מתוך medicontext.co.il
WESTPORT, CT (Reuters Health) – When appropriate criteria are applied, ultrasound is more accurate than a surgeon's clinical impression in diagnosing acute appendicitis, according to a report published in the October issue of the Archives of Surgery.
Dr. Kuniyasu Soda, from the Omiya Medical Center in Saitama, Japan, and colleagues studied 89 patients who were admitted to the hospital with suspected appendicitis. A staff surgeon evaluated each patient and determined whether the history and physical examination results were consistent with acute appendicitis or another disease. The patients then underwent ultrasonography.
The ultrasonic probe was applied to the area of maximal tenderness. If a pathologic entity was observed, the examiner placed a finger beneath the probe and palpated the spot to determine pinpoint tenderness. If pinpoint tenderness was confirmed on the appendix or on a diseased region contiguous to the appendix, the patient was diagnosed with acute appendicitis.

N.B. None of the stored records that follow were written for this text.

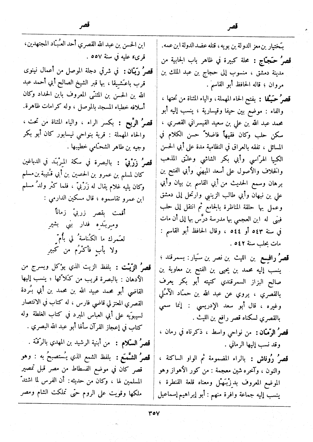 بلفظ الزيت الذي يؤكل ويسرج من الأدهان: بالبصرة قريب من كلّائها، ينسب إليها القاضي أبو محمد عبيد الله بن محمد بن أبي بردة القصري المعتزلي قاضي فارس، له كتاب في الانتصار لسيبويه على أبي العباس المبرد في كتاب الغلطة وله كتاب في إعجاز القرآن سألها أبو عبد الله البصري.
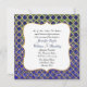 Jewel tones highlight this exotic looking wedding invitation done in a blue and green marbled tile look, with a gold tone quatrefoil pattern. Graphics of a gold framed decorative white text area, has custom text ready to personalize for your special day. Matching products are available.
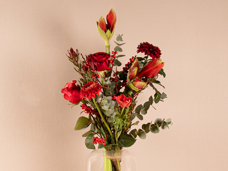 Een sierlijk warmrood plukboeket voor de feestdagen met bloemen met dennengroen en/of eucalyptus.
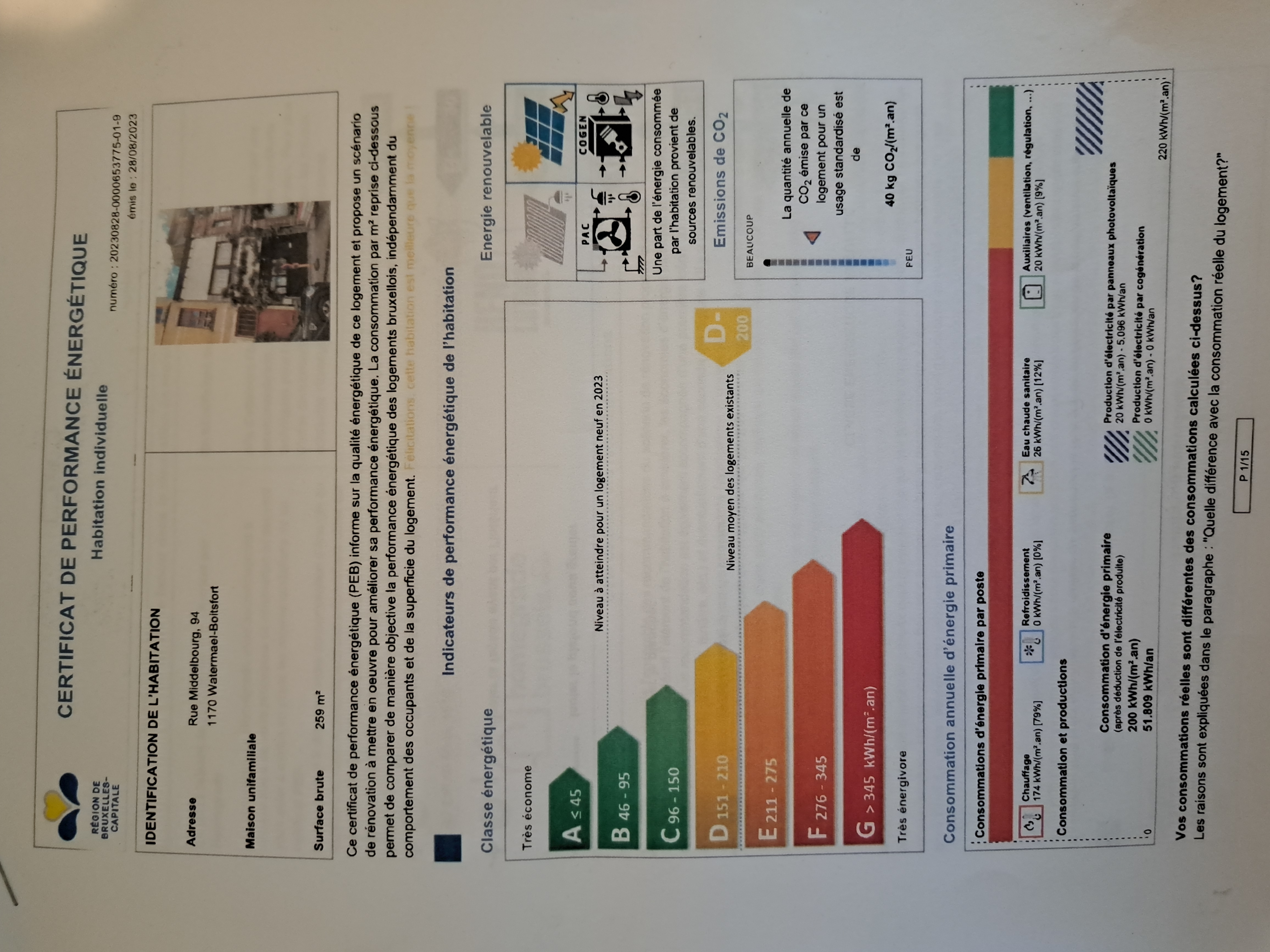 - PEB E-SPEC (kwh/m²/an) : 200

The ultrasound protocol described is known as DOPTAUS for Detection Of Pinpoint Tenderness on the Appendix under UltraSound, the investigators note.
Overall, the ultrasound-based protocol was 87.6% accurate in diagnosing acute appendicitis, while the surgeon's initial clinical impression was 70.8% accurate. Furthermore, all 50 patients who had appendiceal pinpoint tenderness on ultrasound had appendicitis confirmed at surgery.
While the current findings are encouraging, the authors emphasize that ultrasonographic examination is no replacement for a surgeon's clinical evaluation. "The combination of clinical judgment and ultrasound can result in a short hospital stay, early surgery, and a low rate of negative laparotomy," they add.